In 2006, a series of conversations among African American men in a Raleigh-Durham, NC barbershop led to the formation of A Legacy of Tradition (ALOT) giving circle, created to impact and bridge societal gaps faced by Black males in the areas of education, collective giving and community responsibility.

Each member contributes $350 a year that is pooled to provide grants to organizations serving African American males.

During a retreat in 2009, the group decided to focus their grant making on the high number of school suspensions among Black boys in their county’s public schools.  At the time, Black students composed 20.2% of the student population, but were 75% of all school suspensions.  Circle members attended school board meetings, reviewed county school data, and participated in policy discussions with district officials along with hosting their own meetings called ‘education tours,’ to help them understand the magnitude of the problem.   They learned that most students were being suspended for petty infractions and not violent behavior, such as fighting or carrying weapons to school.   As a result of concerted community wide efforts, the school system implemented a new policy that required any student facing a long-term suspension (of 10 days or more) to be reviewed before a task force.   In the 2010-2011 school year alone, long-term suspensions dropped by 36%.

Continuing their focus on black males and school suspensions, ALOT hosted a community forum last year in collaboration with the Black Male Donor Collaborative.

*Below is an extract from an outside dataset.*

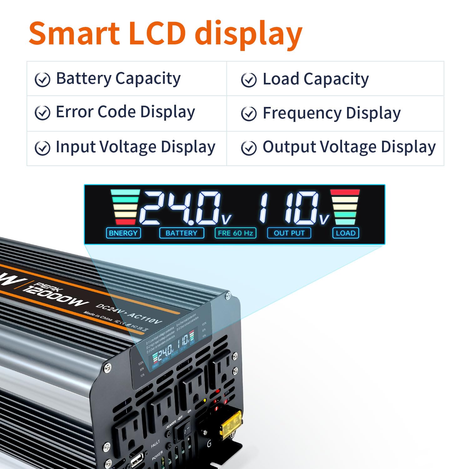 REMOTE CONTROL AND LCD DISPLAY: The Power converter with remote control and LCD display. LCD display can show: input/output voltage, battery capacity, load capacity, error code. Easily and intuitively track the operating status of all inverters to make troubleshooting easier.16 feet wireless remote control distance make you enjoy a convenient power life anytime and anywhere. Tips: (Before using the remote control to turn on the inverter, you must make sure the inverter itself is switched off, then use the remote control to turn on the inverter)

The keynote speaker provided national trends on the issue and suggestions the group could implement.

ALOT is currently planning their next long-term community project.  Issues of interest include creating a youth giving circle, partnering with local agencies to teach philanthropy in schools and examining the school to prison pipeline.

Barron Damon, a founding member of ALOT shared, “We have an opportunity to redefine what philanthropy is. It makes you feel good that you can collectively impact your community without having a billion dollars. I like being a part of that type of movement.”